São cinco torres de formato e dimensão variáveis, construídas com tijolo de barro cozido de diferentes colorações e unidas por um percurso geométrico de lajes quadradas. No topo destas torres, rodam lentamente ventiladores eólicos de alumínio, usados em edifícios industriais para renovar o ar sem recurso a motores. E embutidos nas paredes de tijolo, vêem-se cactos, heras e outras plantas. Ligeiramente deslocadas deste complexo central, como se já não fizessem bem parte dele, duas pequenas esculturas, também em tijolo, uma delas com uma muito portuguesa andorinha em cerâmica.

Parque de Vento Opaco em Seis Dobras foi o nome que a artista coreana Haegue Yang deu ao conjunto, inaugurado esta terça-feira nos jardins de Serralves, em diálogo com o museu de Siza Vieira. É a segunda encomenda feita a uma artista internacional, no âmbito do Projecto Sonae/Serralves, para criar uma peça propositadamente para o parque da fundação. A primeira tinha sido à iraniana Nairy Baghramian (radicada em Berlim, tal como Haegue Yang), que em 2014 criou no Porto o conjunto de esculturas Cold Shoulder.
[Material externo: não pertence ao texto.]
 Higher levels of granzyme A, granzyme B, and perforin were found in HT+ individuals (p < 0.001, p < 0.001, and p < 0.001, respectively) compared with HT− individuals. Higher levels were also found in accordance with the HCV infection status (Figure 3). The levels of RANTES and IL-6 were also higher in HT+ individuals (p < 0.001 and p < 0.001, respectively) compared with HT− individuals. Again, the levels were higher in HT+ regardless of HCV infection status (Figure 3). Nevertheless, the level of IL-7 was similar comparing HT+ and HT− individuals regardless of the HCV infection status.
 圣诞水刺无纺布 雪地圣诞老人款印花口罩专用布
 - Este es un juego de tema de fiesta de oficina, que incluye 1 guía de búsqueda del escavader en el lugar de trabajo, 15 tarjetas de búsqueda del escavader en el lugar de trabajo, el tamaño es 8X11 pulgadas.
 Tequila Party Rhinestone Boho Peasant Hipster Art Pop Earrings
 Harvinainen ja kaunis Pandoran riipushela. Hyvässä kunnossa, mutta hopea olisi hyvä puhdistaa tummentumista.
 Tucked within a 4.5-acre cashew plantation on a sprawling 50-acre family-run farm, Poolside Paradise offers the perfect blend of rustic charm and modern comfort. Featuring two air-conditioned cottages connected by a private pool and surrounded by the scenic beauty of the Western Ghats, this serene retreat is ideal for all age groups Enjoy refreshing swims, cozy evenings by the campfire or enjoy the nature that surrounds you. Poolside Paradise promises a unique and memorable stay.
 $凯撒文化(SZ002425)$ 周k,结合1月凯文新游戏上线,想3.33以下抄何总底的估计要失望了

Neste Parque de Vento Opaco em Seis Dobras, a artista coreana utiliza os mesmos materiais a que recorrera em An Opaque Wind, a intervenção escultural ao ar livre que criou no ano passado para a bienal de Sharjah, nos Emirados Árabes Unidos. E a única ideia que trazia na cabeça quando chegou a Serralves, disse ao PÚBLICO, era justamente a de retomar esses tijolos e ventiladores, com os quais quisera sugerir a reconstituição das sucessivas camadas históricas que foram compondo a civilização humana, incluindo as infraestruturas industriais das nações modernas, mas também essa “comunicação invisível” entre as comunidades de trabalhadores migrantes de várias nações que raramente chegam a conviver umas com as outras nos países onde vão procurar melhores condições de vida.  
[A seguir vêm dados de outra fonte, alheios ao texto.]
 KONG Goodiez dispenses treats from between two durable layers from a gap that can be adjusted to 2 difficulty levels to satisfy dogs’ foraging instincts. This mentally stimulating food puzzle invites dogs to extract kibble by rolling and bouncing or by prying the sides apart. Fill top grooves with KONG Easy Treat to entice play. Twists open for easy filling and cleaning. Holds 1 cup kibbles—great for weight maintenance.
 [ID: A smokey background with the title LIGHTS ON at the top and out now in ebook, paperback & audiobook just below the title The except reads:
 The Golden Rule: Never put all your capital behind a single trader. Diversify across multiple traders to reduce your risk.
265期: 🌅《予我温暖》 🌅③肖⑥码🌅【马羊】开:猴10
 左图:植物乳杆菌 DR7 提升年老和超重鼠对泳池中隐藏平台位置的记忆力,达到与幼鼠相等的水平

Não tinha previsto, por exemplo, usar plantas. “Não conhecia o Porto nem o Parque de Serralves e, para ser franca, vinha com a intenção de fazer uma coisa muito provocadora, crítica, subversiva, mas depois cheguei e vi isto, e pensei que talvez não fosse o sítio certo para fazer algo desse género”, conta. “É um lugar tão pacífico, onde as famílias vêm com as crianças, de modo que comecei a pensar na vegetação, e também na arquitectura do Siza." O arquitecto português é conhecidíssimo na Coreia, garante Haegue Yang. “Quando disse que vinha ao Porto, toda a gente me perguntava se me ia encontrar com o Siza."

A artista vive há mais de 20 anos na Alemanha, primeiro em Frankfurt e agora em Berlim, e dá também aulas de arte em Malmö, na Suécia, mas continua a passar bastante tempo na Coreia, e a inspiração para An Opaque Wind veio-lhe do seu conhecimento, até por razões familiares, das grandes migrações de coreanos que foram trabalhar nos anos 70 para países árabes.

“O meu pai, os meus tios, foram trabalhar para o Médio Oriente, todas as famílias tinham alguém emigrado nessa zona, e também no Norte de África: nos anos 70, tínhamos pouco dinheiro e os árabes, que não gostavam de trabalhar com os ocidentais, iam buscar trabalhadores baratos aos países asiáticos”, diz. Uma realidade que “se repete agora com outras gerações e outros países”. Nos Emirados Árabes Unidos, observa, “os trabalhadores coreanos não comunicavam, por exemplo, com os do Bangladesh, mas o encontro físico dessas comunidades criou entre elas uma relação que é um facto histórico, e a pergunta que me fiz foi: como mostrar essa comunicação invisível, muda, sem provas materiais?”. O vento invisível que faz girar as leves folhas de alumínio dos ventiladores é uma metáfora dessa (in)comunicação.  

Mas se a obra de Serralves, nos materiais e até no nome, sugere a continuação deste projecto iniciado no Médio Oriente, não é certo que assim seja. “Entusiasma-me não saber o que vou fazer, e isto é tão novo que ainda não sei o que é”, confessa a artista. “Alguns amigos meus, que vieram de propósito ao Porto, estavam ontem a falar da peça, e eu fiquei a ouvi-los…”, ri-se. E acrescenta: “Não sei o que fiz, mas acho que estou no caminho certo. Um caminho que passa por não se deixar enredar nos meandros mais institucionais do mundo da arte internacional, no qual é hoje um nome consagrado, com exposições em grandes museus de vários continentes e uma presença regular, em representação da Coreia do Sul, nas principais bienais de arte, da de Veneza à Documenta de Kassell.

“Tenho 45 anos, acumulei experiência, expus em grandes instituições, e não quero habituar-me demasiado a esse mundo, que se tornou muito bombástico, com muito dinheiro a circular de um lado para o outro”, diz Yang. “Há momentos”, explica, “em que tens de fazer aquilo que sabes fazer melhor, e outros em que podes correr riscos”. E em Serralves, pela instituição mas também pela sua directora artística, Suzanne Cotter, de quem partiu este desafio, decidiu correr riscos. Cotter já a tinha convidado a apresentar uma obra na bienal de Sharjah, de que foi co-curadora em 2010, mas Yang recusou, porque não conhecia os Emirados Árabes Unidos. Desde então mantiveram-se sempre em contacto, e agora, finalmente, surgiu esta nova oportunidade de trabalharem juntas. “Levámos o nosso tempo, e isso é muito raro no mundo da arte”, nota a artista.

A construção de Parque de vento Opaco em Seis Dobras foi filmada por Serralves desde o primeiro momento até à inauguração, o que permitirá ver o trabalho dos pedreiros que ajudaram Haegue Yang. E deve valer a pena. Embora lamente ter tido de usar tijolos espanhóis, Yang sente-se francamente compensada por estes terem sido assentados por pedreiros locais. “Sou escultora, e consigo ver imediatamente quando os pedreiros são bons, e os pedreiros portugueses estão para lá de bons, são como monges zen."